• THE TASK:
In the entries below, the lines from the one with "뉴한국방송뉴스통신사 신태공 기자" through the one with "인쇄 버튼을 클릭합니다." are to be copied exactly; both ends count.

[Stored items from a collection]
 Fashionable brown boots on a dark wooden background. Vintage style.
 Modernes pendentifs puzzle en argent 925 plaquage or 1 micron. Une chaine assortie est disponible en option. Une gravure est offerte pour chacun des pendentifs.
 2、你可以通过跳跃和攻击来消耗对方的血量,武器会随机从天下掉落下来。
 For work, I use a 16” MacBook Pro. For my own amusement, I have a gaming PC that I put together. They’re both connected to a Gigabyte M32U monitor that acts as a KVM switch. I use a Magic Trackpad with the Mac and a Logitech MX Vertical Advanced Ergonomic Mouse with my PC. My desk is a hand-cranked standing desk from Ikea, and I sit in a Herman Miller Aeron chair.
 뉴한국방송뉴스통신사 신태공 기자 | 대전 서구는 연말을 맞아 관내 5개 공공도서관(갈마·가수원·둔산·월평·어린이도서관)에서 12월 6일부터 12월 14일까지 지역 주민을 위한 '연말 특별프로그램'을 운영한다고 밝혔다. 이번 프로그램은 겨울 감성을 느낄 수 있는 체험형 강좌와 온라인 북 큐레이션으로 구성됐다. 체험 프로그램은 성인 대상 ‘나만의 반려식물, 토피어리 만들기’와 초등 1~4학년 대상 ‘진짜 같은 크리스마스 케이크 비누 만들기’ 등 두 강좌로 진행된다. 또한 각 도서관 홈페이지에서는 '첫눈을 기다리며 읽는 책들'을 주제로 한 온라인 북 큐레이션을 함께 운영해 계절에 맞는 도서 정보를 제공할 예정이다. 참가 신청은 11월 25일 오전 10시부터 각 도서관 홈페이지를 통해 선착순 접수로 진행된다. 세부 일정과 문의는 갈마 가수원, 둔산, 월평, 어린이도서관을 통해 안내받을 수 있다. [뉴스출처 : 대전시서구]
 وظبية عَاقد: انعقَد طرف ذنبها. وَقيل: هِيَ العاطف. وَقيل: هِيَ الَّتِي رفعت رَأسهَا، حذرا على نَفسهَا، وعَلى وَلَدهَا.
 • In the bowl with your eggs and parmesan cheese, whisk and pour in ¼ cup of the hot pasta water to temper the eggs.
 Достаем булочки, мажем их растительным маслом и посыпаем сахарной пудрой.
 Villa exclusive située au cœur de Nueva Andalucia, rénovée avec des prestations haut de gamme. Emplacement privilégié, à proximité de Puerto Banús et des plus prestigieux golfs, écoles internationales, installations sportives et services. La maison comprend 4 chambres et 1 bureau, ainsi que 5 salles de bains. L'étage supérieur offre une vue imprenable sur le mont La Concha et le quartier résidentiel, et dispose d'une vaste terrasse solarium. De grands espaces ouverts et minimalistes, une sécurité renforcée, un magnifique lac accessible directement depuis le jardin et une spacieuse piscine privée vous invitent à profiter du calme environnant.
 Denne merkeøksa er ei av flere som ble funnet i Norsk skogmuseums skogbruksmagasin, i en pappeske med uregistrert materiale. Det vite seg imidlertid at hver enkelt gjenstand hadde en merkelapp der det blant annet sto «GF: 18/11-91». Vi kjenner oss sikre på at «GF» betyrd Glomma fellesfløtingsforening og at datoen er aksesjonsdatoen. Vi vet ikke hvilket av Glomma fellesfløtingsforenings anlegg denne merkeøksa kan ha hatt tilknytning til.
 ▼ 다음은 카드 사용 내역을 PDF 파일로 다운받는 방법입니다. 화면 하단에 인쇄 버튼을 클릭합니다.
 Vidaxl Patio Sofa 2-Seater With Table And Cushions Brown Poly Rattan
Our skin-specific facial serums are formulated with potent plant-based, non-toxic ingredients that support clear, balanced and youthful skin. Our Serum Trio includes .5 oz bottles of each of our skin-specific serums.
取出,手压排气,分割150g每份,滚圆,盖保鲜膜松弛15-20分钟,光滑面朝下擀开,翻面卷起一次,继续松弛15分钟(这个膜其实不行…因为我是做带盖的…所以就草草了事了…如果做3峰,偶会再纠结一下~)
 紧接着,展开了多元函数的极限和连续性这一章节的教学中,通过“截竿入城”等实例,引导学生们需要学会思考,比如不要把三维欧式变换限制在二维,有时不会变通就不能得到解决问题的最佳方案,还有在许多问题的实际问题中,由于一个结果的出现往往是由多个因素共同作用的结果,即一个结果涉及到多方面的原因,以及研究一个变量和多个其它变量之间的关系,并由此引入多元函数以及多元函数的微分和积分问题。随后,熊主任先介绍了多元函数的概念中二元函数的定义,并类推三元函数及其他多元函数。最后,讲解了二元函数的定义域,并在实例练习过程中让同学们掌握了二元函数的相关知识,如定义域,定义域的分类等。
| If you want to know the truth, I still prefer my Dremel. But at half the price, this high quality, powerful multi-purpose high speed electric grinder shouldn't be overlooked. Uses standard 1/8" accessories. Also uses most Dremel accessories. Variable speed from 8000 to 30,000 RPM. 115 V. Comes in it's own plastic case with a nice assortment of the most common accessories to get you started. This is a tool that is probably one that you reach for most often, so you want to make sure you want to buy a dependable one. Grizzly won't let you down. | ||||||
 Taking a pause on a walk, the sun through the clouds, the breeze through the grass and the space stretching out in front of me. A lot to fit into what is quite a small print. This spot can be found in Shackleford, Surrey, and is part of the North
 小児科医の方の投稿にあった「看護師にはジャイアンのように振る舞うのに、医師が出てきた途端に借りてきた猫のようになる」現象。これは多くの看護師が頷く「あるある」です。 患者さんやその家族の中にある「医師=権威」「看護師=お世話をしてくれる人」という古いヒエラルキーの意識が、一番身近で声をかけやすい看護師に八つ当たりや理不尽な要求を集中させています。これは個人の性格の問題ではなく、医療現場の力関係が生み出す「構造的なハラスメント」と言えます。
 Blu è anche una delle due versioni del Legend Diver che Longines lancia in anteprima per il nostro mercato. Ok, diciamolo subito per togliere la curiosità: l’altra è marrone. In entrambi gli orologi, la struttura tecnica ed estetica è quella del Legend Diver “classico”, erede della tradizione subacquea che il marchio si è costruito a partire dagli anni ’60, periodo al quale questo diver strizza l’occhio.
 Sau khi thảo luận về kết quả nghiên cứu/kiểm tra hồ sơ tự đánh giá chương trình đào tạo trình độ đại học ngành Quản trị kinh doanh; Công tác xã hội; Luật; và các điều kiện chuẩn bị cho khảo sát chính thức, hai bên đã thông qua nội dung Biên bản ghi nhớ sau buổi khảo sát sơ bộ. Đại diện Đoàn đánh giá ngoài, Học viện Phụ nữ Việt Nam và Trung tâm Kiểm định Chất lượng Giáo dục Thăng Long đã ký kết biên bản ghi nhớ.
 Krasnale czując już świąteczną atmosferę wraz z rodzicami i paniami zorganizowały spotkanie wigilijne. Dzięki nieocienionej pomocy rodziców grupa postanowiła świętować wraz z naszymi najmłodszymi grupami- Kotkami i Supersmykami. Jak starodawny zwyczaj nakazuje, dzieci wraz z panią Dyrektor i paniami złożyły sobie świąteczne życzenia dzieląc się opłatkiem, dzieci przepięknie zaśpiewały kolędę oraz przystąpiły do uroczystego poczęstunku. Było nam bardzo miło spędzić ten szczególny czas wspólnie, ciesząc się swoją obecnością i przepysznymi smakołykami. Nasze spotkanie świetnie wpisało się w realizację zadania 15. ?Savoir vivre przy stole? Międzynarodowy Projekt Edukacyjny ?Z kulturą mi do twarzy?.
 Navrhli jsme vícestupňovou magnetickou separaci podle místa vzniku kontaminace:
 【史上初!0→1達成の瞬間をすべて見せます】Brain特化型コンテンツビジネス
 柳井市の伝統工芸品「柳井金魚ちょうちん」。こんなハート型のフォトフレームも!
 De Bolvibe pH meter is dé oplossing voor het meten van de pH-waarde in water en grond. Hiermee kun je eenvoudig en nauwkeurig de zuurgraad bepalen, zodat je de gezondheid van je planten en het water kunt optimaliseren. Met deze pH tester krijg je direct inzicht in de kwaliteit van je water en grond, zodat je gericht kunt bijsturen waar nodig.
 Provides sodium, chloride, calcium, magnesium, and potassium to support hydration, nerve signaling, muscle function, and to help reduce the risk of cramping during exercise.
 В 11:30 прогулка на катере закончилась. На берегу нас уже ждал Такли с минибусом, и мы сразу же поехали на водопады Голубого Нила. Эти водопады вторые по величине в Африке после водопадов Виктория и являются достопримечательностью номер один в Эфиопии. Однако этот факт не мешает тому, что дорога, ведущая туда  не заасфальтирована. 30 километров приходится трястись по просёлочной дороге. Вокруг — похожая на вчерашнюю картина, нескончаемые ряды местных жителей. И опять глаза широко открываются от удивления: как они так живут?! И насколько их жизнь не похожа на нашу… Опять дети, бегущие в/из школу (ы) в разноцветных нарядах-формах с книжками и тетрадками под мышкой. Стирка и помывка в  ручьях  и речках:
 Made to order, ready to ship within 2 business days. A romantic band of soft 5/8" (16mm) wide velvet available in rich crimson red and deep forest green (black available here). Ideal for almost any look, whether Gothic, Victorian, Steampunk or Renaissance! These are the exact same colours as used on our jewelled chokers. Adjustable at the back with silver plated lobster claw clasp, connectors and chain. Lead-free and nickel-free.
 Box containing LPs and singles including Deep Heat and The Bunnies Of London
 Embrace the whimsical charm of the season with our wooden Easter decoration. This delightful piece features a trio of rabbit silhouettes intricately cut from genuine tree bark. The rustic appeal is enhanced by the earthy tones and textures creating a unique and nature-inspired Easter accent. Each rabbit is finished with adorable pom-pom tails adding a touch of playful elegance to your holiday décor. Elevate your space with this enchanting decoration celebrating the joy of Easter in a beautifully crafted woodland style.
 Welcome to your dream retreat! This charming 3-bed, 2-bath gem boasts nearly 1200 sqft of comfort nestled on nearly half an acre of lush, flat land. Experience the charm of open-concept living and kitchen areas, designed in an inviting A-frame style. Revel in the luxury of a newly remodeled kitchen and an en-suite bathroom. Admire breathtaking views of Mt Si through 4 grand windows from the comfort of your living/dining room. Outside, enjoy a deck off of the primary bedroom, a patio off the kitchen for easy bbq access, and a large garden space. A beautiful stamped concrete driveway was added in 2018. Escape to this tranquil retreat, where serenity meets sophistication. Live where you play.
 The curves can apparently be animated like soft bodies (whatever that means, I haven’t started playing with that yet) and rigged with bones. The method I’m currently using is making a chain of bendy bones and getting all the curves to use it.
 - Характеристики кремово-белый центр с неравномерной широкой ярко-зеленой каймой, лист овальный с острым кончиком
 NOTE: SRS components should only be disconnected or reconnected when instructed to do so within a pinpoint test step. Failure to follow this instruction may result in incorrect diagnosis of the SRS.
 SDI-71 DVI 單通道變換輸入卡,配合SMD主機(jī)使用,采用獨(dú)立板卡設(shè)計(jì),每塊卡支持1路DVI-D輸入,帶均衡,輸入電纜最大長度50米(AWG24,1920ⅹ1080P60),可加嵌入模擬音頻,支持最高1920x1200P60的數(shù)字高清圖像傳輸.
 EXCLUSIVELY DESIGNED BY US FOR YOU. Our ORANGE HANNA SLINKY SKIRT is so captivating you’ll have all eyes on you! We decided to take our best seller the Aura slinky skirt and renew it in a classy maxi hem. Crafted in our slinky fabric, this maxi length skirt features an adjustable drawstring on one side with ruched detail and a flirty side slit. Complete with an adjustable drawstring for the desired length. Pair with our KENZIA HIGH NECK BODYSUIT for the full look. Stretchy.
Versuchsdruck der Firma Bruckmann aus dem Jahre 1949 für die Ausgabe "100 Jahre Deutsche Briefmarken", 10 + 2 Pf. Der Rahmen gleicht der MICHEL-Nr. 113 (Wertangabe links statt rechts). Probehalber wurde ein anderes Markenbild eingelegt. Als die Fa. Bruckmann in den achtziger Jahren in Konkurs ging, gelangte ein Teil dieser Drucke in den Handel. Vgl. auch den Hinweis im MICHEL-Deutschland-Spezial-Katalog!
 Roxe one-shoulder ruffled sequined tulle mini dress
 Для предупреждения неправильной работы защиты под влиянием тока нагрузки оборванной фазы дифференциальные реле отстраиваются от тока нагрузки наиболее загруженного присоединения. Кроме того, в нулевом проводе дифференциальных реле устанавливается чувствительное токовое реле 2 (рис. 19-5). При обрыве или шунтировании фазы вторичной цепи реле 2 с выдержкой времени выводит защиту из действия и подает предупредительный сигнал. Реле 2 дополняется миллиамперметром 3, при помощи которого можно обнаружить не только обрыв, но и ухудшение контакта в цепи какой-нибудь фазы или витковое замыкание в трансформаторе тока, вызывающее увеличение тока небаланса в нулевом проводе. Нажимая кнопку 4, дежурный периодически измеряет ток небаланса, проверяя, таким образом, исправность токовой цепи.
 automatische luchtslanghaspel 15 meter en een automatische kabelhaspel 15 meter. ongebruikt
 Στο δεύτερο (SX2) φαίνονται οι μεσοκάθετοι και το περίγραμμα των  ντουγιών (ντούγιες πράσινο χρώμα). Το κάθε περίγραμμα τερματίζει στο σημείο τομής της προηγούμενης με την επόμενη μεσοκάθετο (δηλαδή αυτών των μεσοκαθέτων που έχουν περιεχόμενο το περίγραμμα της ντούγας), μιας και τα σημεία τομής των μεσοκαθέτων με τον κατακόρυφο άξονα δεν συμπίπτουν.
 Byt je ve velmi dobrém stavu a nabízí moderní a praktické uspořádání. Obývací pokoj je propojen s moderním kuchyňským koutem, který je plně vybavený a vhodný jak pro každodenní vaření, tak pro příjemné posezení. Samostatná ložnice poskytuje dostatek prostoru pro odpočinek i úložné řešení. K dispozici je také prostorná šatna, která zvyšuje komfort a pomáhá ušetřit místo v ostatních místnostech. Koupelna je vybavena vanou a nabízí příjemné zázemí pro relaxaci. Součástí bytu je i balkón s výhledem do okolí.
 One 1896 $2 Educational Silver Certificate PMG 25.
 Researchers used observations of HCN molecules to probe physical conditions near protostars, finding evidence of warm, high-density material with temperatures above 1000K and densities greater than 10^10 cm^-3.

• YOUR RESPONSE:
 뉴한국방송뉴스통신사 신태공 기자 | 대전 서구는 연말을 맞아 관내 5개 공공도서관(갈마·가수원·둔산·월평·어린이도서관)에서 12월 6일부터 12월 14일까지 지역 주민을 위한 '연말 특별프로그램'을 운영한다고 밝혔다. 이번 프로그램은 겨울 감성을 느낄 수 있는 체험형 강좌와 온라인 북 큐레이션으로 구성됐다. 체험 프로그램은 성인 대상 ‘나만의 반려식물, 토피어리 만들기’와 초등 1~4학년 대상 ‘진짜 같은 크리스마스 케이크 비누 만들기’ 등 두 강좌로 진행된다. 또한 각 도서관 홈페이지에서는 '첫눈을 기다리며 읽는 책들'을 주제로 한 온라인 북 큐레이션을 함께 운영해 계절에 맞는 도서 정보를 제공할 예정이다. 참가 신청은 11월 25일 오전 10시부터 각 도서관 홈페이지를 통해 선착순 접수로 진행된다. 세부 일정과 문의는 갈마 가수원, 둔산, 월평, 어린이도서관을 통해 안내받을 수 있다. [뉴스출처 : 대전시서구]
 وظبية عَاقد: انعقَد طرف ذنبها. وَقيل: هِيَ العاطف. وَقيل: هِيَ الَّتِي رفعت رَأسهَا، حذرا على نَفسهَا، وعَلى وَلَدهَا.
 • In the bowl with your eggs and parmesan cheese, whisk and pour in ¼ cup of the hot pasta water to temper the eggs.
 Достаем булочки, мажем их растительным маслом и посыпаем сахарной пудрой.
 Villa exclusive située au cœur de Nueva Andalucia, rénovée avec des prestations haut de gamme. Emplacement privilégié, à proximité de Puerto Banús et des plus prestigieux golfs, écoles internationales, installations sportives et services. La maison comprend 4 chambres et 1 bureau, ainsi que 5 salles de bains. L'étage supérieur offre une vue imprenable sur le mont La Concha et le quartier résidentiel, et dispose d'une vaste terrasse solarium. De grands espaces ouverts et minimalistes, une sécurité renforcée, un magnifique lac accessible directement depuis le jardin et une spacieuse piscine privée vous invitent à profiter du calme environnant.
 Denne merkeøksa er ei av flere som ble funnet i Norsk skogmuseums skogbruksmagasin, i en pappeske med uregistrert materiale. Det vite seg imidlertid at hver enkelt gjenstand hadde en merkelapp der det blant annet sto «GF: 18/11-91». Vi kjenner oss sikre på at «GF» betyrd Glomma fellesfløtingsforening og at datoen er aksesjonsdatoen. Vi vet ikke hvilket av Glomma fellesfløtingsforenings anlegg denne merkeøksa kan ha hatt tilknytning til.
 ▼ 다음은 카드 사용 내역을 PDF 파일로 다운받는 방법입니다. 화면 하단에 인쇄 버튼을 클릭합니다.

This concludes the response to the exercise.